El caso es que nadie quiere irse a plantar zanahorias: se ve que a Felipe González lo de los bonsáis y la bisutería le duró poco, mientras que la vigorexia teñida de Aznar le hizo pensar que sería eternamente joven; tanto, que acabó instalándose en el pasado. En vez de irse a la Campania, algún don Nicanor se retiró al Registro de la Propiedad, desde donde se deja invitar a manifestaciones para que lo pongan como un florero, y alguno va de radio en radio opinando con facundia de todo lo que se mueve. Cobran de consejos de administración en los que asienten con cara de pope, o presentan minutas escandalosas por dar conferencias que, en el fondo, no importan a nadie. Pero claro, a ver en qué porras empleas tu tiempo si la cabeza todavía te funciona: te entra la morriña, y en vez de ir a ver un edificio en construcción con las manos cruzadas en la espalda, que sería lo suyo, te dan ganas de sacar un decreto ley.

No digo yo que se corten las venas en una bañera por el bien de la nación. Pero, al igual que en los fiestorros de las bodas, es bueno saber parar a tiempo, que igual te haces viral en un vídeo de Tik-Tok bailando borracho. Esto es lo que ha hecho bien Mario Vargas Llosa, retirándose al darse cuenta de que, coincidiendo con su desaparición del Hola, sus inanes artículos ya no tenían interés. En ellos defendió duramente mucho tiempo unas ideas políticas que no necesariamente coincidían con las de su periódico, y lo hizo siempre con elegancia y educación. Mi admiración por su escritura, que no por su persona, sigue siendo inmensa, y en su adiós se merece ser juzgado por el conjunto de su obra, no por su final. La adquisición de su última novela ha sido mi homenaje. Otros, ¡ay! han preferido ir por el camino opuesto, secretando bilis y alejándose del Parnaso con cada nueva pieza entregada a la imprenta. Si esperan que diga de quién hablo háganlo sentados, porque aún me quedan rescoldos de cariño y respeto. Pero qué triste será verlos cuando se den cuenta de que quienes ahora los acogen con los brazos abiertos, no tienen tampoco ningún interés en sus majaderías, porque solo los quieren para dar leña al mono.
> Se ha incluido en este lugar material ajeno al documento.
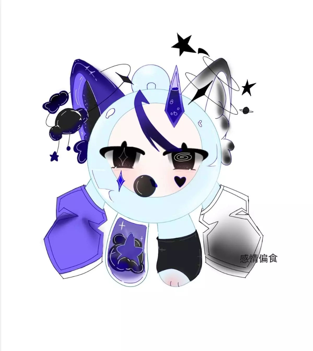 对,蓝粉,这↑用的私设,主要是耳机不会画😃🥰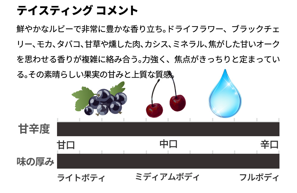 驚くべき長命で複雑味溢れる香りと、洗練され、しなやかさと力強さとを見事に調和させた素晴らしいワインの数々。スティーブン・タンザー氏やロバート・M・パーカー氏など多くのジャーナリスト、評論家が全てのキュヴェに対して大変高い評価を与えており、その人気は近年とどまる所を知りません。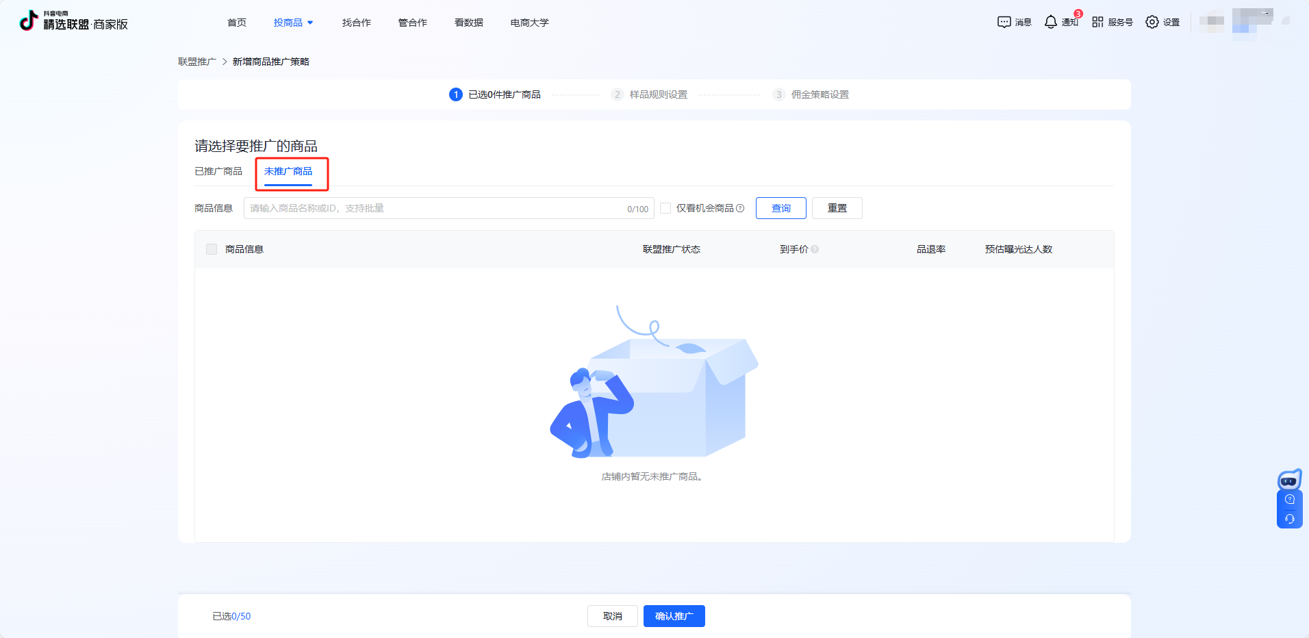 点击新建推广策略,点击【未推广产品】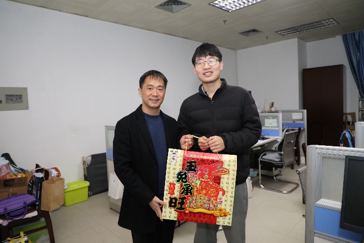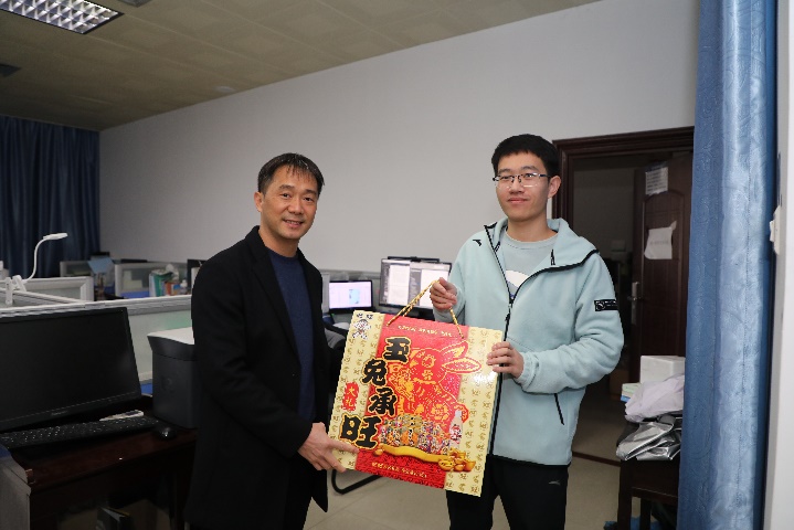 朱迅成副书记到办公室和实验室亲切看望慰问了同学们,并送上新春慰问品。他切实了解和关心同学们寒假及春节在校学习、生活等方面的需求,并希望同学们合理安排假期时间,做好自身健康和实验安全,做好个人防护,有困难及时和辅导员、老师联系,公司将全力为同学们提供学习和生活保障,让同学们感受到家的温暖和浓浓的年味。

Y es que al final, la triste verdad es que ningún ser humano, tampoco el colectivo de eximios intelectuales, políticos y expresidentes escapa de ese terrible (y humano) momento en el que detrás de nosotros hay más pasado que futuro, por muy brillante que fuera aquel; y empezamos a chochear. Es conveniente para la salud, suya y la del país, darse cuenta, y aún mejor aceptarlo a tiempo. Ustedes juzgarán, a tenor de este artículo, si a mí ya me no habrá llegado esa hora. Igual sí.